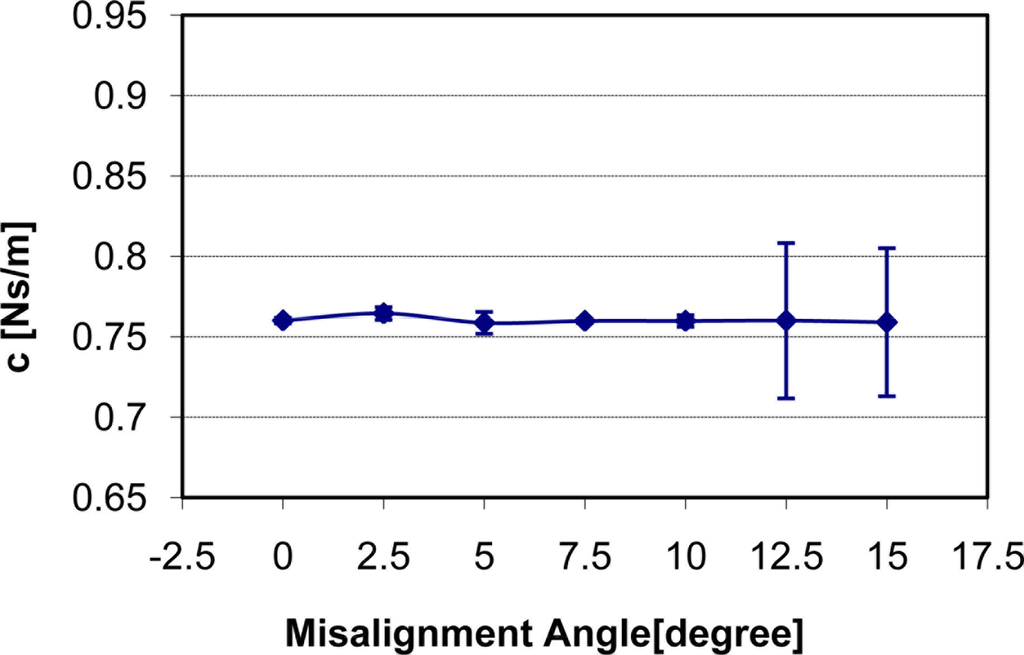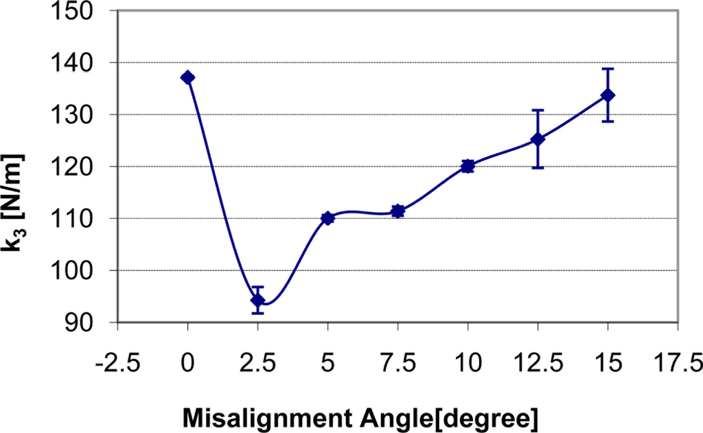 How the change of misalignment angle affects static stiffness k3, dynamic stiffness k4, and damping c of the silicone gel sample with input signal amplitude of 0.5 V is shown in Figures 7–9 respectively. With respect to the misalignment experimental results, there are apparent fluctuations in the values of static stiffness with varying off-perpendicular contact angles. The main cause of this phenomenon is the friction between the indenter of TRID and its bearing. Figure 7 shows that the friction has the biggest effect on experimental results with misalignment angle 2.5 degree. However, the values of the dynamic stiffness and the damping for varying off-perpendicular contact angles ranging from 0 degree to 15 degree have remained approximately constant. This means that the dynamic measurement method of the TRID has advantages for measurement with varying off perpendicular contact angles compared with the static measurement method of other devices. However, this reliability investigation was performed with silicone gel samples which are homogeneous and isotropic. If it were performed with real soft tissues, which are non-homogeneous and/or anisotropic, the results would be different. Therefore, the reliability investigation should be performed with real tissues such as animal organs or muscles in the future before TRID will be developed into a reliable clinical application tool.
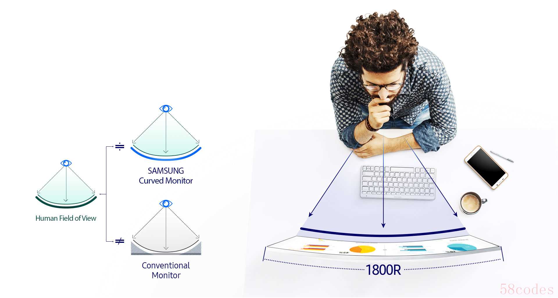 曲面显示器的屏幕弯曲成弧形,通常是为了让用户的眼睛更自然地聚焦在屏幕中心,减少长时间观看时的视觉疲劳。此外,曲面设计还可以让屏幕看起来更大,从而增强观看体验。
--
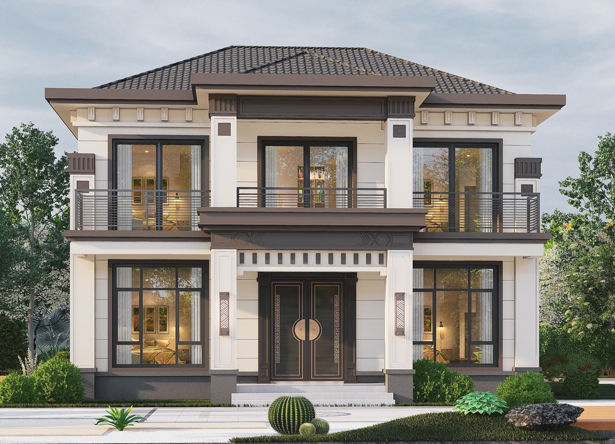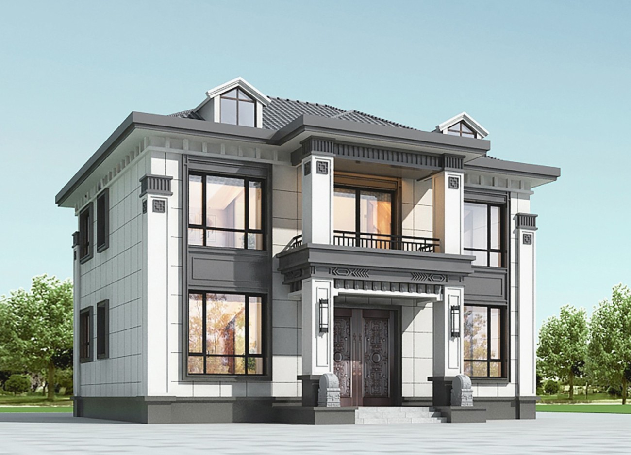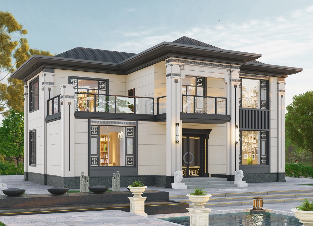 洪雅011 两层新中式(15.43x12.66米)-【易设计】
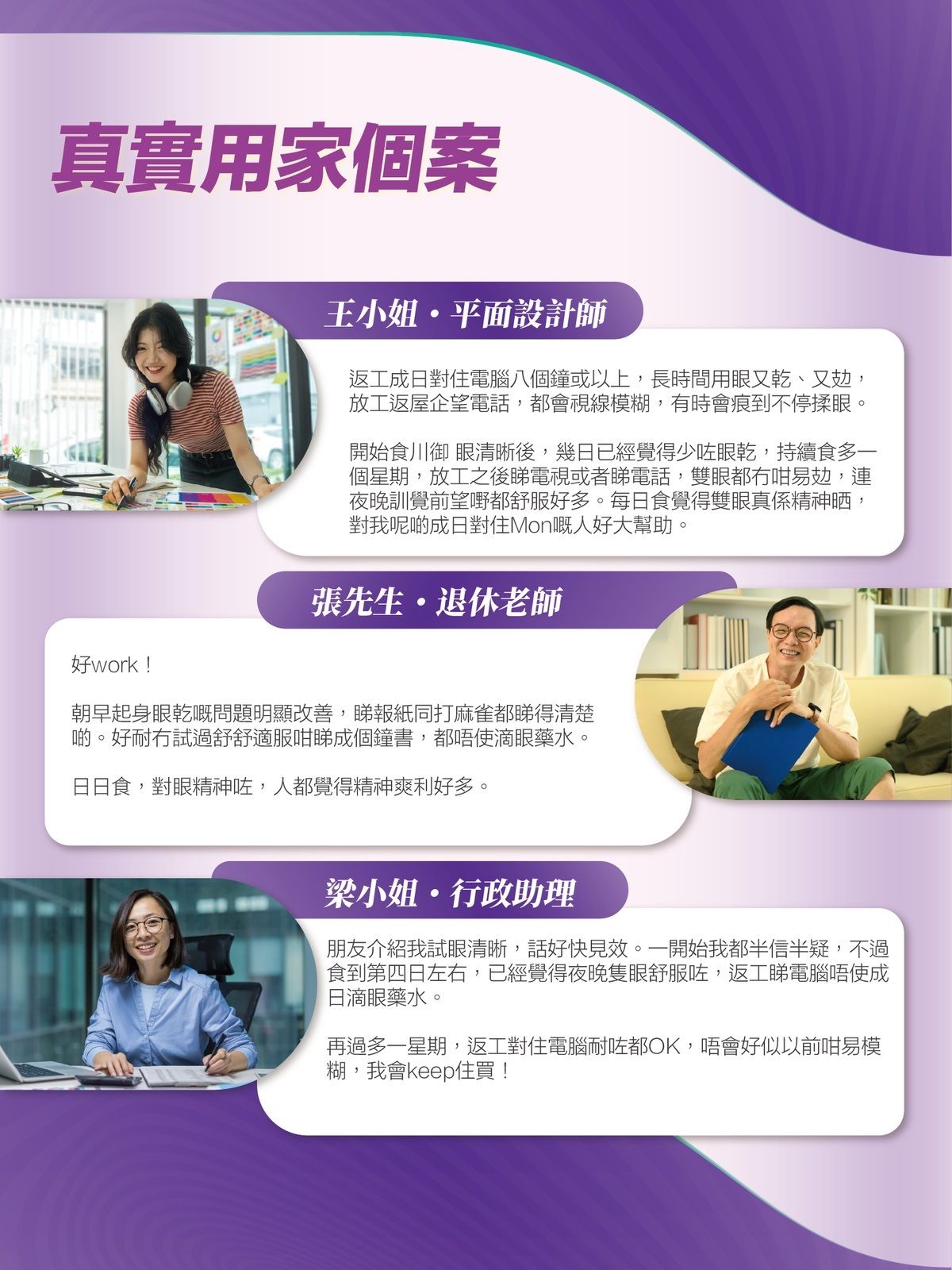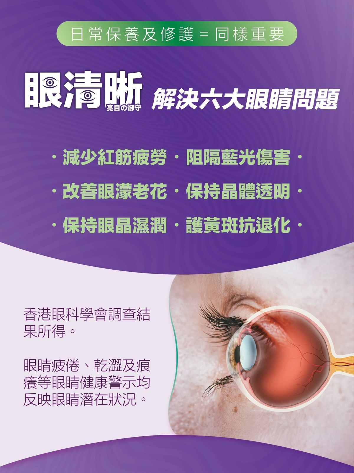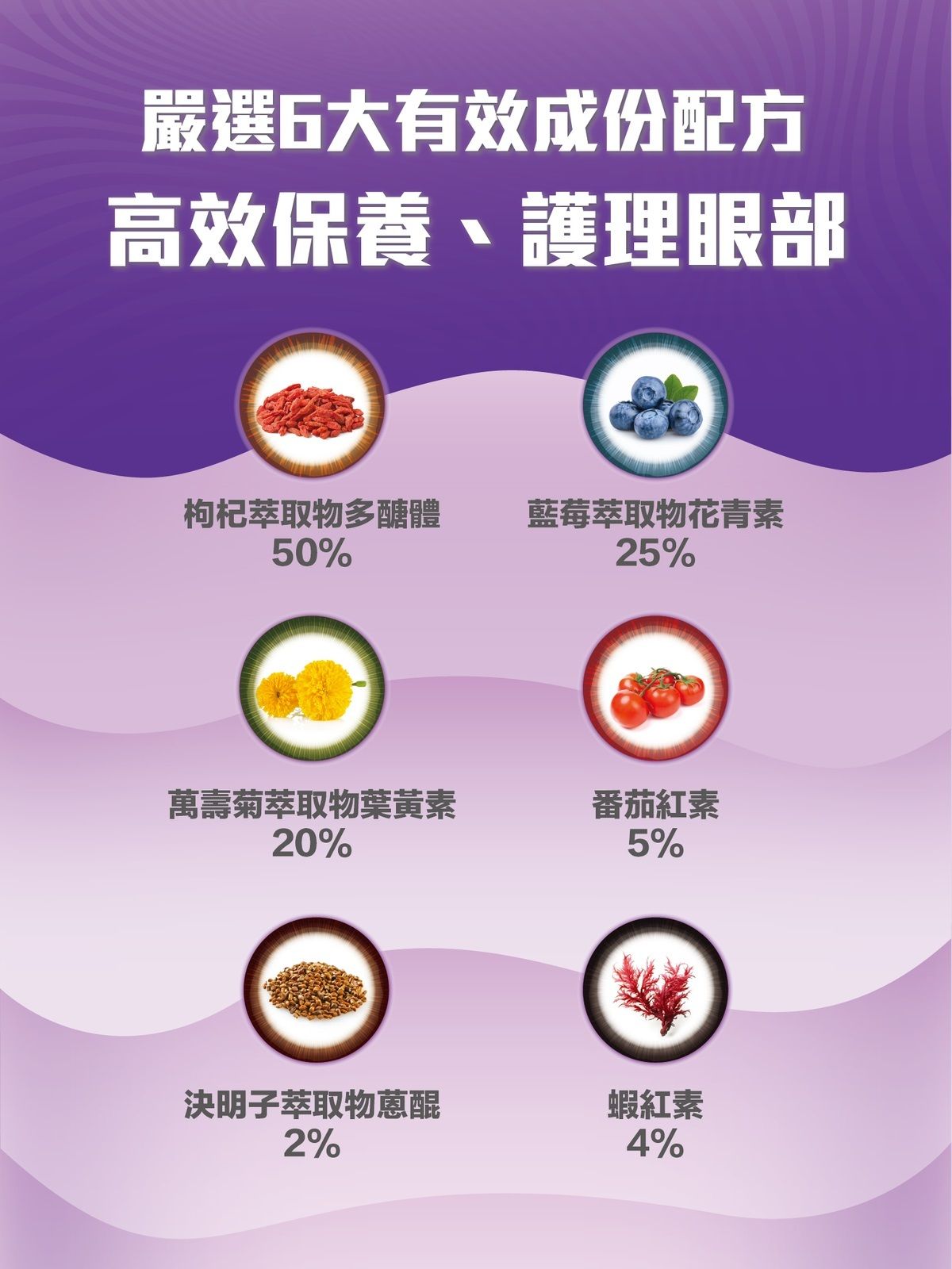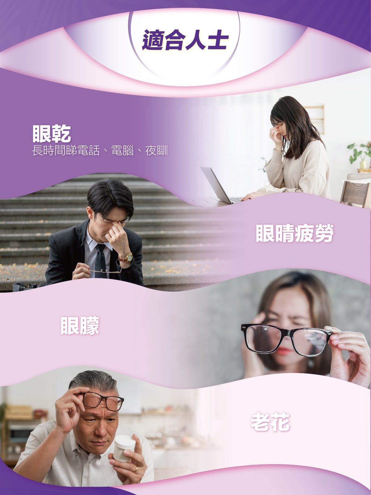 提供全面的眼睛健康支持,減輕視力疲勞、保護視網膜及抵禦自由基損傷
...
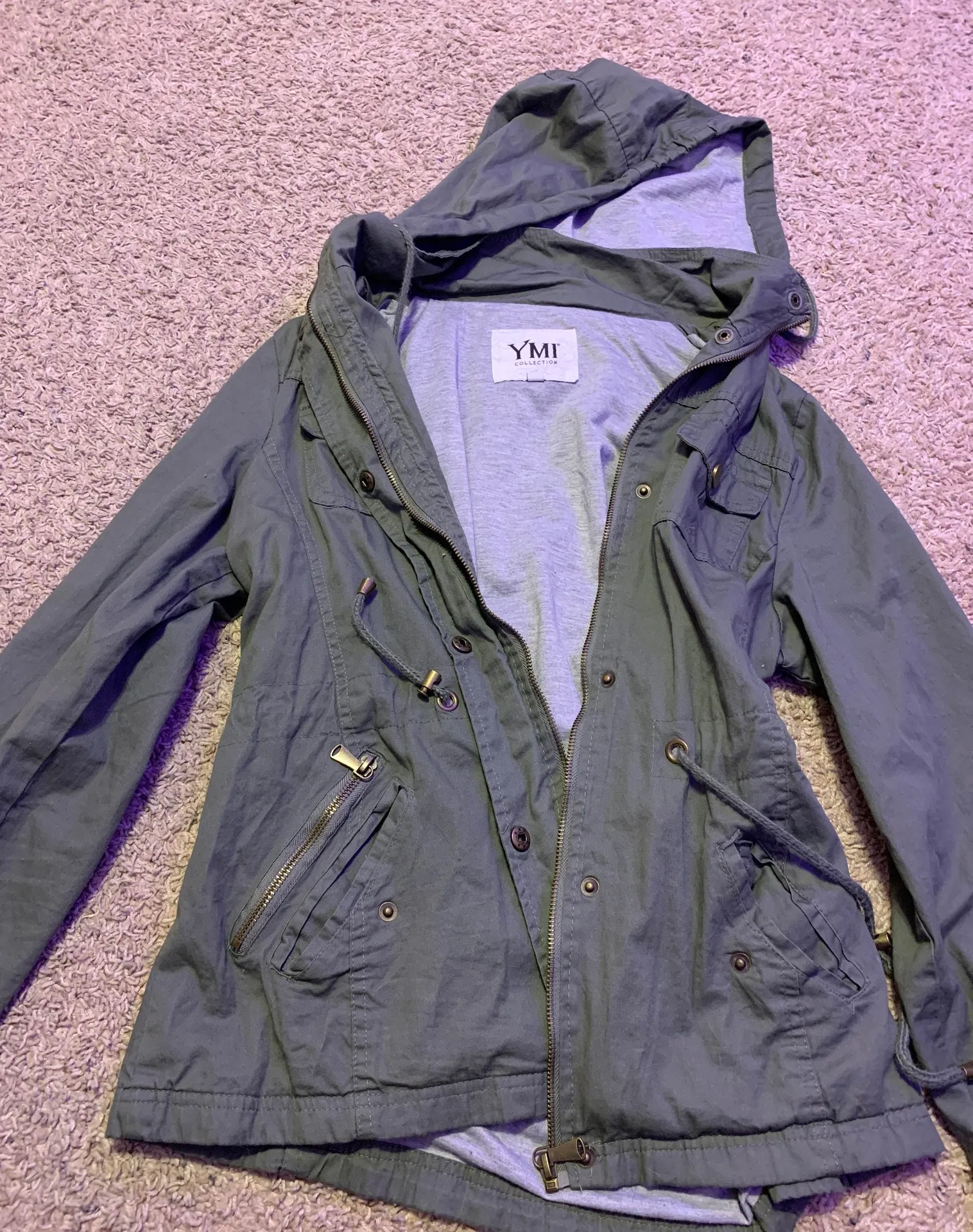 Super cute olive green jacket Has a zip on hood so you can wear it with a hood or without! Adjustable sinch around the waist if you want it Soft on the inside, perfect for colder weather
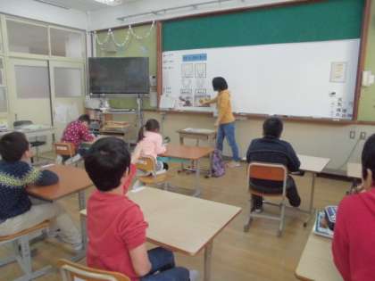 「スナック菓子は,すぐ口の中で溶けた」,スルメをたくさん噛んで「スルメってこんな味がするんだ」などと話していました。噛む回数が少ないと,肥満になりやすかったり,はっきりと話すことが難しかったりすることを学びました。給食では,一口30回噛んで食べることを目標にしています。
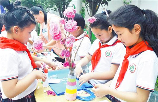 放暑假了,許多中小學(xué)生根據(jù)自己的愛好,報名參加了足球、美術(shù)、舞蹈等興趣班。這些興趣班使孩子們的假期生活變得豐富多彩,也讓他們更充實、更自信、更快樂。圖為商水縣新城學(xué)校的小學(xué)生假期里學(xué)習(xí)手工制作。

Brief =
An exact transcription is needed of the lines from the one with "洪雅011 两层新中式(15.43x12.66米)-【易设计】" to the one with "提供全面的眼睛健康支持,減輕視力疲勞、保護視網膜及抵禦自由基損傷" above, both ends included, with pictures left out.

Exercise response =
 洪雅011 两层新中式(15.43x12.66米)-【易设计】
 提供全面的眼睛健康支持,減輕視力疲勞、保護視網膜及抵禦自由基損傷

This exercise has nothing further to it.